ASSIGNED TASK :: The data below should be transcribed in full, with no picture included.

DATA ::
---
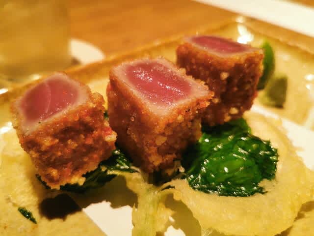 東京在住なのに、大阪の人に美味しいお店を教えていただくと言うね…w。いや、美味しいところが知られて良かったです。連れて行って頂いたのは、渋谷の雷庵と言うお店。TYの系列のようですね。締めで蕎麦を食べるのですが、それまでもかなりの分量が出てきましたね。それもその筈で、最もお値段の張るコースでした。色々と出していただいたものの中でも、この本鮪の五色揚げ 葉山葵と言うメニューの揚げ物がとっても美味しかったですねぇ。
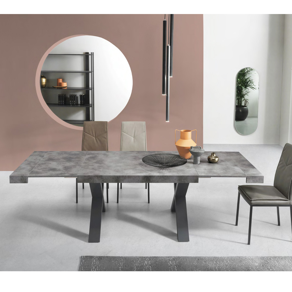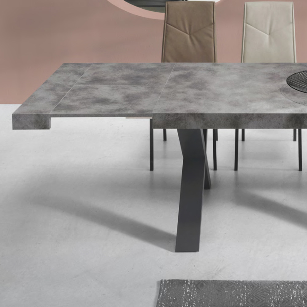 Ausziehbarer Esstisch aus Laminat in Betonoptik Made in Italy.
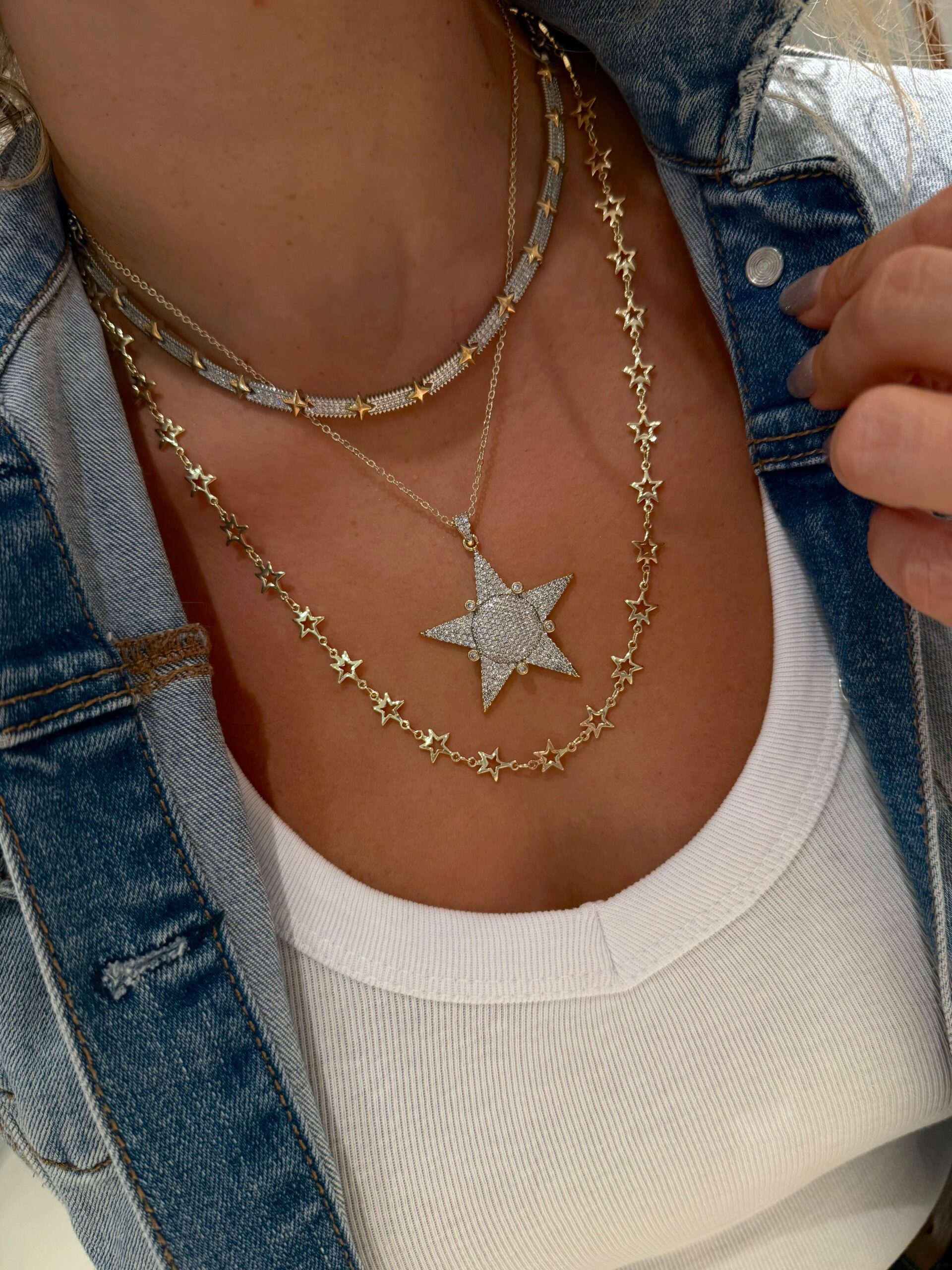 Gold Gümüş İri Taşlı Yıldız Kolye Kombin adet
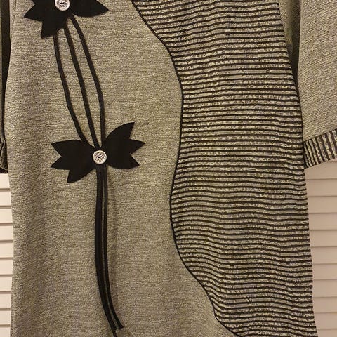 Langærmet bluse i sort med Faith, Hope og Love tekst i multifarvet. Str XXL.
---
ANSWER ::
 東京在住なのに、大阪の人に美味しいお店を教えていただくと言うね…w。いや、美味しいところが知られて良かったです。連れて行って頂いたのは、渋谷の雷庵と言うお店。TYの系列のようですね。締めで蕎麦を食べるのですが、それまでもかなりの分量が出てきましたね。それもその筈で、最もお値段の張るコースでした。色々と出していただいたものの中でも、この本鮪の五色揚げ 葉山葵と言うメニューの揚げ物がとっても美味しかったですねぇ。
 Ausziehbarer Esstisch aus Laminat in Betonoptik Made in Italy.
 Gold Gümüş İri Taşlı Yıldız Kolye Kombin adet
 Langærmet bluse i sort med Faith, Hope og Love tekst i multifarvet. Str XXL.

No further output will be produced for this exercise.